Franny smirked. “What’s going on, honky?” she asked through her licorice.
“Why do you call me that?”
Boots tugged on, she sat up straight, smoothing her skirt down her shins.
“Sorry!” Her brown hair was so staticky that it floated above her shoulders. “I’m just excited about Velouria—there’ll be time to stop at Ye Olde Candy Shoppe on the way in, right? They sell Curly Wurly bars.”
“Why’d you call me honky?” I asked.
More kids dragged themselves around the hallway, so I wanted the conversation to be over—what kind of autocrat did I look like, looming over her like that?—but I also didn’t want to spend my day beside a girl whose tongue was not connected to her brain.
“I don’t know,” she said. “I just thought that compared to Mr. Reid you’re kind of a honky.”
His bearded face looked down at us from a photo on the wall. Some award he’d won.
“Mr. Reid isn’t African-American,” I said.
“Nah, German, I think. He fought in the Gulf War!”
“Really? For Germany?” I’d been eleven during the Gulf War, but as a substitute, you can’t let them imagine you ignorant on any subject at all. “I don’t remember Germany sending—”
“No, man, the Americans!”
She picked up her sneakers in one hand and banged them into the bottom of her locker—green Converse, with trailing yellow laces patterned with jesus in red letters. There was a ton of religious families in Hoover so I didn’t see the need for her to change her footwear just on account of that.

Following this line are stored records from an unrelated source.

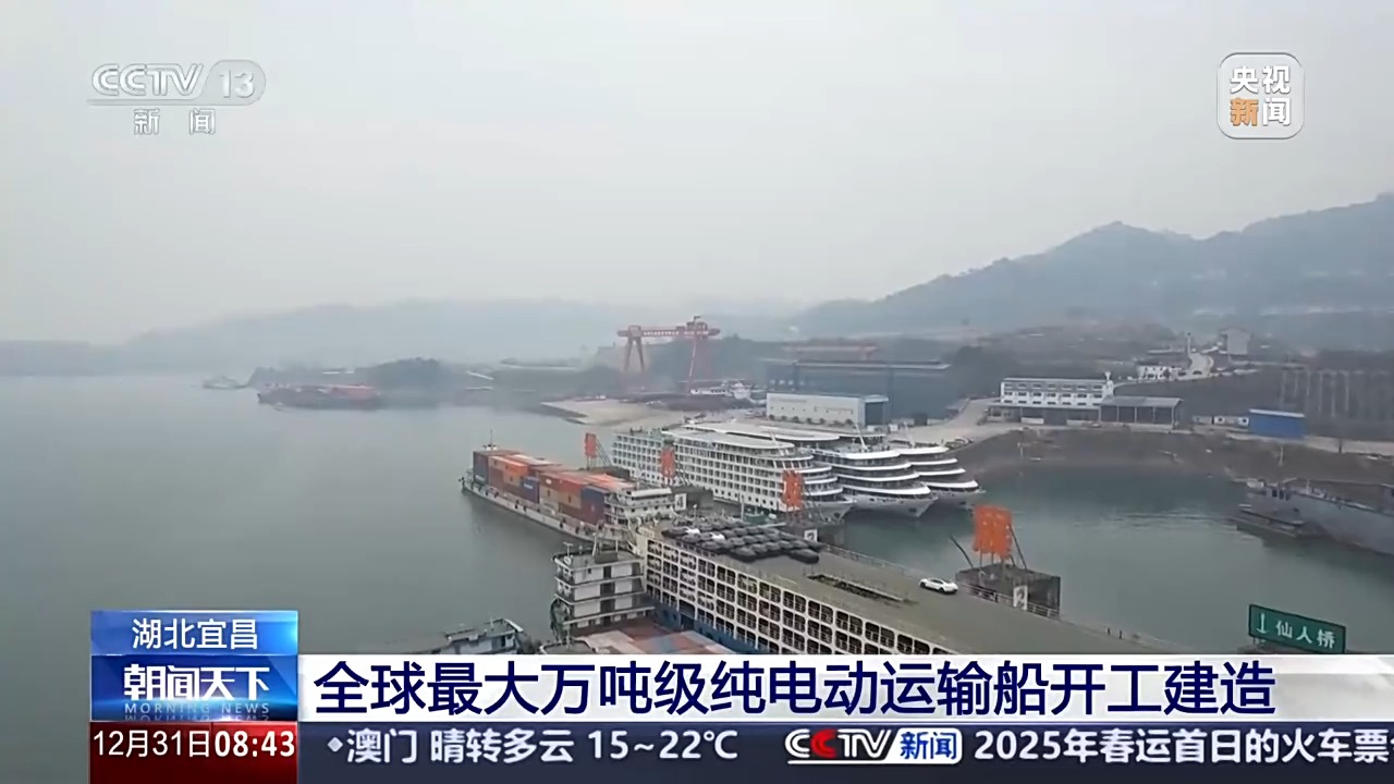 在宜昌船舶工業園的一家造船企業,一艘由電池供電的集裝箱船正在建造中。而這也是該船業公司2024年接下的第40艘新能源船舶建造訂單,再過4個月它就將建成交付,“投身”長江航運之中。
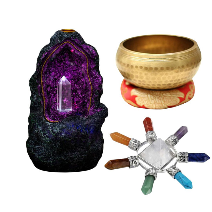 The Meditation Sanctuary Bundle brings together three powerful modalities, sound healing, aromatherapy, and crystal energy, to create a complete sensory experience that guides you into genuine presence.
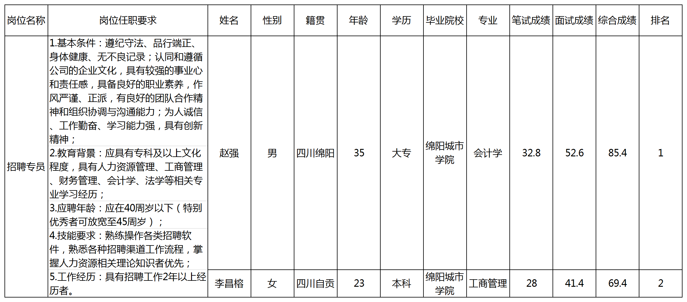 根據(jù)綿陽(yáng)科技城中科人才服務(wù)有限公司發(fā)布的招聘公告及招聘相關(guān)規(guī)定,經(jīng)筆試、面試等程序,現(xiàn)將筆試(面試)成績(jī)予以公示。

“I don’t know if we’ll have time to stop the bus,” I said.
“Haw-haw!” A bony shoulder bumped into mine—Clint Denham. All in tight denim, the huge red scarf his mother’d knitted him bundled around his neck. “You still around, Mr. G? Taking us over to Velouria after all, hey?”
“I’ve been telling you for two months that I’m here until Christmas, but every morning you act like seeing me is some big surprise.”
“I’ll tell you why that is!” He took a step back in his big leather shoes, nodding solemnly. Brown hair fell in his eyes, and three or four wiry ones poked hopefully from his chin. “It’s because every Saturday night I’m sitting at home with my folks, right? tv trays and all that, and right at the second when my brother goes down in the basement to play his drums—the exact second—I think, I bet Mr. Giller’s in Hollywood by now. They scooped him up in the Walgreens parking lot.” He looked down at Franny and smacked his lips, then suddenly displayed the same stony grimace as when he’d heard noon-hour improv had been canceled. “Gone to California.”
“See you out at the bus.”
I navigated around a couple of freshmen as I moved to my classroom door.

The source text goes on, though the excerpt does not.